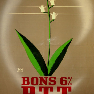Original vintage poster for Post Office Bonds PTT 6%. Great image of a snowdrop flower as a telegraph pole. Printed by SA Courbet, Paris. Fair condition, minor tears on margins and folds.
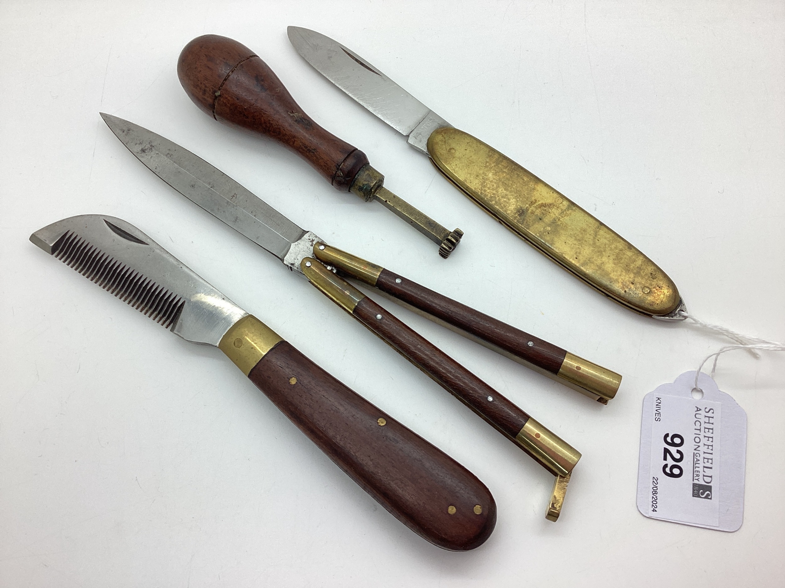 Beard / Moustache Comb, decorative stamp, folding knives.
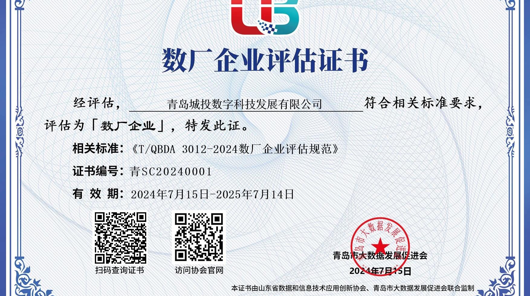 青島城投集團(tuán)旗下數(shù)科公司榮登2024年青島市首批“數(shù)廠企業(yè)”名單
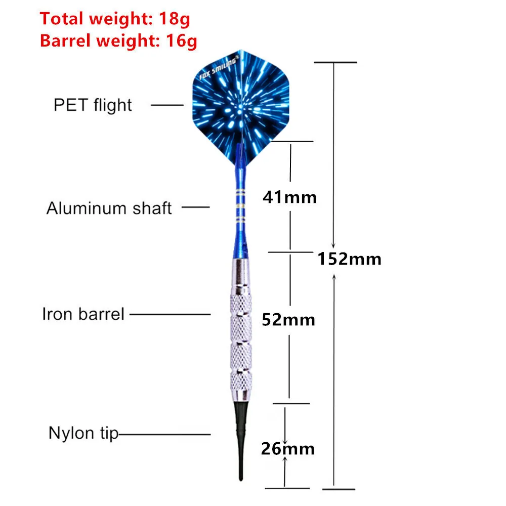3PCS Fox Smiling 18g Electronic Soft Tip Darts With Aluminum Darts Shafts And Nylon Tips For Indoor Darts Games
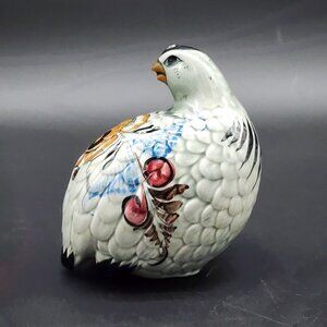 Signed Mexican Ceramic Glazed Bird Figure Floral Sitting Facing Back VTG 5"
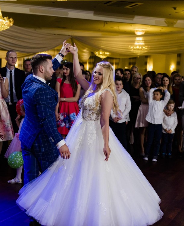 Sprzedam przepiękną suknię z hiszpańskiego domu mody Pronovias. Kolekcja z roku 2017, model Ofelia. Suknia została zakupiona w szczecińskim salonie sukien ślubnych Novia. Krój księżniczki, dół wykonany jest z wysokiej jakości miękkiego niegniotącego się tiulu, góra to niewidoczna siateczka, na której widnieje nierównomiernie rozłożona biało cielista koronka, głęboko wycięte plecy. Suknia posiada cielistą bluzeczkę z fiszbinami, jest zapinana na guziczki. Rozmiar według producenta to 36, jednak myślę, że jest on bardziej zbliżony do rozmiaru 38, szyta na wzrost 164 cm+ 8,5 cm obcas. Suknia robi ogromne wrażenia a do tego jest niezwykle wygodna, lekka i prosta do założenia :)
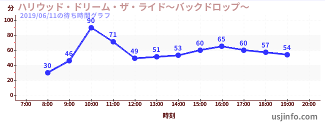 • ハリウッド・ドリーム・ザ・ライド〜バックドロップ〜$B$N(B2019年06月11日の待ち時間
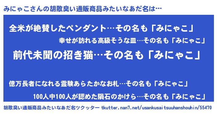 | ヘコむあだ名 | 『みにゃこ(笑)』『みにぷりん』 |
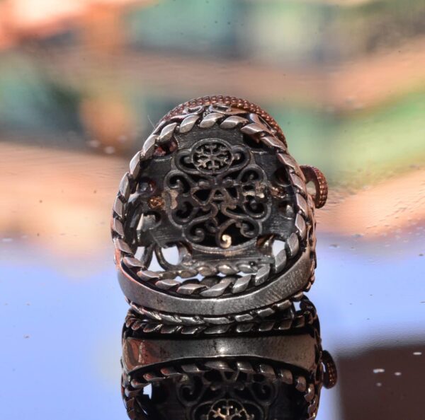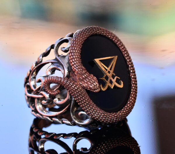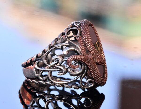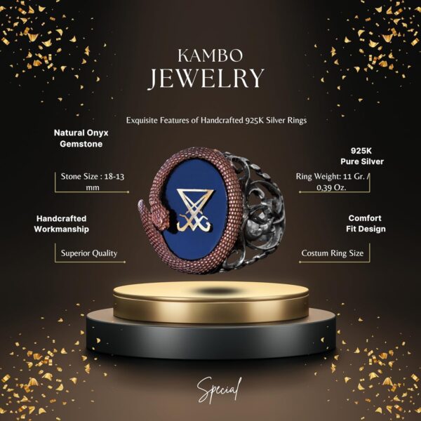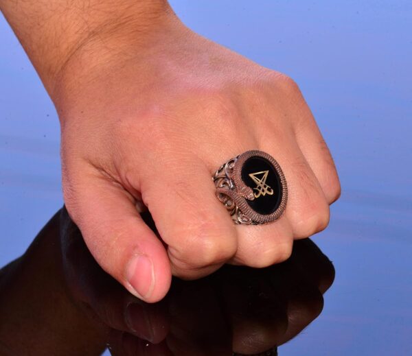 925 Ayar Gümüş Erkek Yüzük – Yapay Oniks Taşı – Yılan Tasarımı – İmza Yüzüğü (Lusifer)
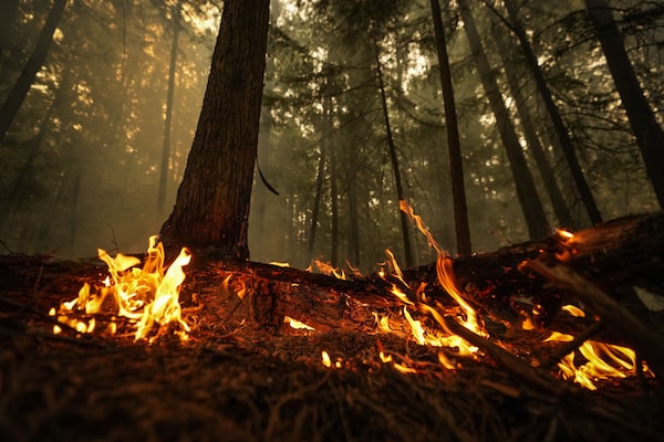 A hot spot from the Lower East Adams Lake wildfire burns in Scotch Creek, B.C., on Aug. 20, 2023.DARRYL DYCK/The Canadian Press
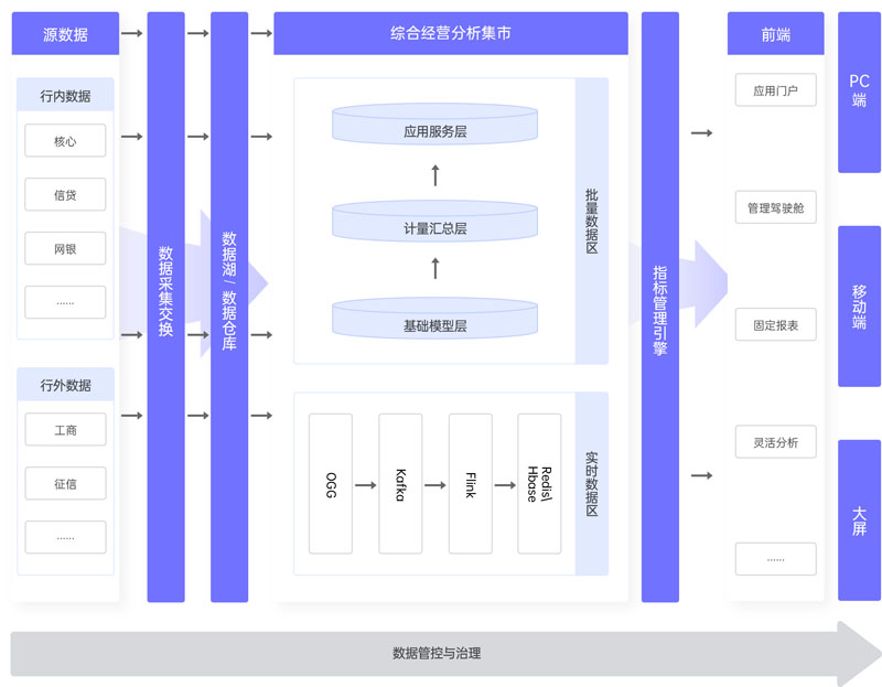 集成了數據采集、存儲、處理、分析和展現的全鏈條解決方案,旨在為企業提供全面、準確、及時的經營分析支持,展示形式包括管理駕駛艙、固定報表、大屏等。
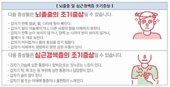 º¸°Ç¼Ò °ü°èÀÚ´Â ¡°½É³úÇ÷°üÁúȯÀ» ¿¹¹æÇÏ·Á¸é Á¤±âÀûÀÎ Ç÷¾Ð ¹× Ç÷´ç üũ¿Í °°Àº °íÇ÷¾Ð ¹× ´ç´¢¿Í °°Àº ±âÀúÁúȯ °ü¸®°¡ Áß¿äÇϸç, ³úÁ¹Áß ¹× ½É±Ù°æ»ö Ãʱâ Áõ»ó »çÀü ¼÷Áö·Î Áõ»óÀÌ ³ªÅ¸³¯ °æ¿ì, Áï½Ã 119¿¡ µµ¿òÀ» ¿äÃ»ÇØ¾ß ÇÑ´Ù¡±°í °Á¶Çß´Ù.
-=-=-
WORK TASK | Pictures aside, write out verbatim every line from the first line of the material through the line holding "A hot spot from".

PROBLEM SOLUTION |
Original vintage poster for Post Office Bonds PTT 6%. Great image of a snowdrop flower as a telegraph pole. Printed by SA Courbet, Paris. Fair condition, minor tears on margins and folds.
 Beard / Moustache Comb, decorative stamp, folding knives.
 青島城投集團(tuán)旗下數(shù)科公司榮登2024年青島市首批“數(shù)廠企業(yè)”名單
3PCS Fox Smiling 18g Electronic Soft Tip Darts With Aluminum Darts Shafts And Nylon Tips For Indoor Darts Games
 Signed Mexican Ceramic Glazed Bird Figure Floral Sitting Facing Back VTG 5"
 Sprzedam przepiękną suknię z hiszpańskiego domu mody Pronovias. Kolekcja z roku 2017, model Ofelia. Suknia została zakupiona w szczecińskim salonie sukien ślubnych Novia. Krój księżniczki, dół wykonany jest z wysokiej jakości miękkiego niegniotącego się tiulu, góra to niewidoczna siateczka, na której widnieje nierównomiernie rozłożona biało cielista koronka, głęboko wycięte plecy. Suknia posiada cielistą bluzeczkę z fiszbinami, jest zapinana na guziczki. Rozmiar według producenta to 36, jednak myślę, że jest on bardziej zbliżony do rozmiaru 38, szyta na wzrost 164 cm+ 8,5 cm obcas. Suknia robi ogromne wrażenia a do tego jest niezwykle wygodna, lekka i prosta do założenia :)
 • ハリウッド・ドリーム・ザ・ライド〜バックドロップ〜$B$N(B2019年06月11日の待ち時間
 | ヘコむあだ名 | 『みにゃこ(笑)』『みにぷりん』 |
 925 Ayar Gümüş Erkek Yüzük – Yapay Oniks Taşı – Yılan Tasarımı – İmza Yüzüğü (Lusifer)
 A hot spot from the Lower East Adams Lake wildfire burns in Scotch Creek, B.C., on Aug. 20, 2023.DARRYL DYCK/The Canadian Press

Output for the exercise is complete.